Many people wish they could do more to protect the planet, but they aren’t aware of the resources available in their area. Marissa LaMagna is making it her business to educate them, at least in Northern California. Her Berkeley-based Bay Area Green Tours leads individuals and organizations to the doorsteps of innovative companies in the San Francisco Bay Area to learn about what they offer.
“We offer seminars on wheels that introduce people to the sustainable solutions that exist around us,” LaMagna says. “The Bay Area is one of the environmental epicenters in the world and even residents are not always aware of our green resources.”
BAGT tools people around on a biodiesel-fueled bus and shows them sustainable local businesses. For example, a stop at the retail store Building REsources introduces the home-improvement crowd to San Francisco’s only source for re-usable, recycled, and re-manufactured building, craft, and landscaping materials. BAGT also visits:
- organic farms, urban farms, and farmers markets;
- artisan cheese makers and wineries;
- restaurants, manufacturers, hotels, and housing complexes;
- local waste removal, renewable energy, and water management systems; and
- alternative methods of transportation.
Typical BAGT customers include corporations, associations, civic groups, and schools. The tours frequently put high-school and university students, recent graduates, and interns in contact with local green job resources. LaMagna says she’s particularly passionate about introducing students to the green economy. Daylong trips include lunch at an environmentally friendly restaurant.
LaMagna’s transition from being an English teacher to running a yoga and arts center to being an educator about local environmental resources has been tough. She’s been running this labor-intensive enterprise for three years on a shoestring, relying on her personal savings and loans from friends. To cut down on the expense of diesel fuel and truck rental, she recently introduced walking tours such as one of the San Francisco waterfront.

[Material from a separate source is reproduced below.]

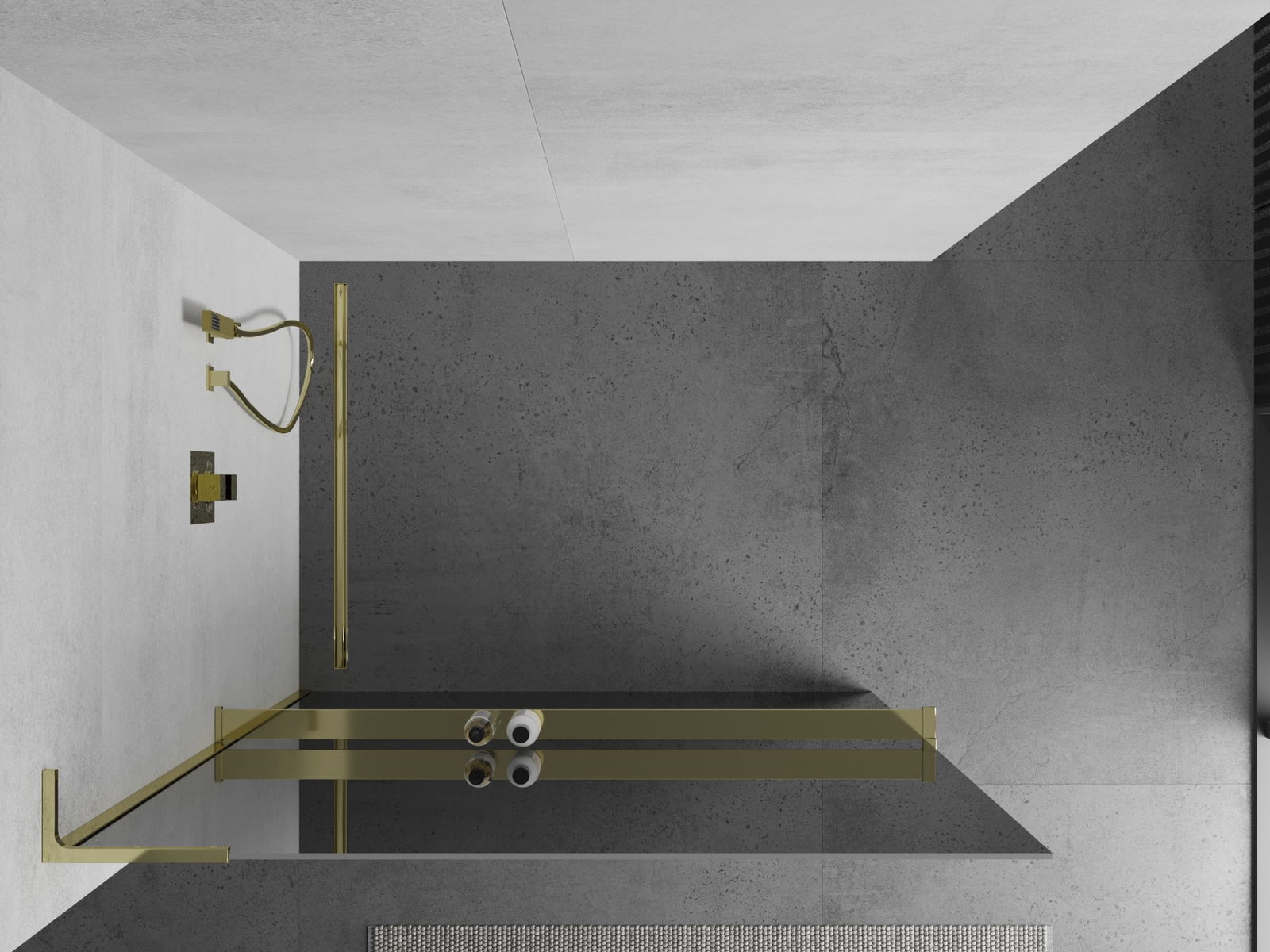Mexen Kioto+ L douchewand met plank Walk-in 90 x 200 cm, spiegel, goud - 800-090-123-50-50

Her one paid staff member is devoted to writing applications for grants. The first grant received came from University of California Berkeley for BAGT to run a tour of local retailers and manufacturers for college freshmen. “So they don’t have to rely on IKEA and Wal-Mart when they come here,” she says. “If it works, it will be a regular event.”
She has enormous challenges but she sees a turning point.
“It used to be me trying to get everybody’s attention. Now we’ve had enough momentum through word-of-mouth from both attendees and resources who are contacting us. Levi‘s came to me saying, ‘We would love to work with you. Bring people to see us and our sustainable practices.’ Now I’m doing one tour a week there.”
Whole Foods, the Intercontinental Hotels and the Commonwealth Club are among those asking for her tours, guidance, and expertise. And in 2012, she looks forward to teaming up with Weber Shandwick to promote the Volt, Chevrolet’s electric car.
In 2010, Bay Area Green Tours received the East Bay Green Award from the local weekly newspaper, East Bay Express. With this recognition and with more public attention, LaMagna hopes the days of struggle are behind her.